OCR Conversion to Searchable PDF file

<< Click to Display Table of Contents >>

Navigation:  Add-ons > Optical Character Recognition Add-on >

OCR Conversion to Searchable PDF file

OCR conversion to searchable PDF


The OCR process identifies text in each page with near perfect accuracy and creates a hidden text layer within the same PDF file in such a way that each text word is exactly positioned behind its appearance in the image. This recognized text can now be used in three ways:


When the PDF file is open, you can search for any word or phrase using the search feature of the PDF application and it will highlight the appearance of the matched text


The text in PDF files is indexed by the indexing engine and can be used to search for content within these files from the main Docsvault search interface


The recognized text can be exported to a text file


For example:

When creating research report and proposals, many times you need to compile information from a variety of sources which may include other reports saved as PDF, printed documents, magazine or newspaper articles etc. Rather than retyping the information into your new document, simply OCR it while scanning in Docsvault. You can then extract information from Docsvault PDF Editor and edit it into Notepad or easily copy and paste into any other editor.

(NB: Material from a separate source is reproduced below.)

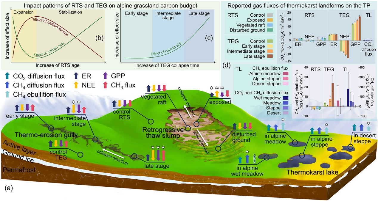 中國科學(xué)院西北生態(tài)環(huán)境資源研究院冰凍圈科學(xué)與凍土工程全國重點(diǎn)實(shí)驗(yàn)室研究團(tuán)隊(duì)聯(lián)合蘭州大學(xué)、丹麥哥本哈根大學(xué)以及中國科學(xué)院植物研究所,于2024和2025年在青藏高原腹地開展系統(tǒng)性溫室氣體通量觀測(cè),量化了熱融滑塌所導(dǎo)致的通量變化以及研究區(qū)域的碳收支平衡,為評(píng)估氣候變化背景下青藏高原多年凍土碳反饋提供了關(guān)鍵證據(jù)。

In a processed PDF file that is made searchable using OCR, the original scanned image is retained so that it looks exactly like it was scanned. The textual content that is extracted via OCR is put behind the image in a hidden text layer so search indexers can see it and you can select it as text in any PDF reader or editor.


note Note:

To have a full text indexing on a PDF file you need to have it's corresponding iFilter component installed on the Docsvault server system. Follow the "Indexing Help Page" link under the "Full Text Search" node in Docsvault Server Manager dialog for further help with iFilters.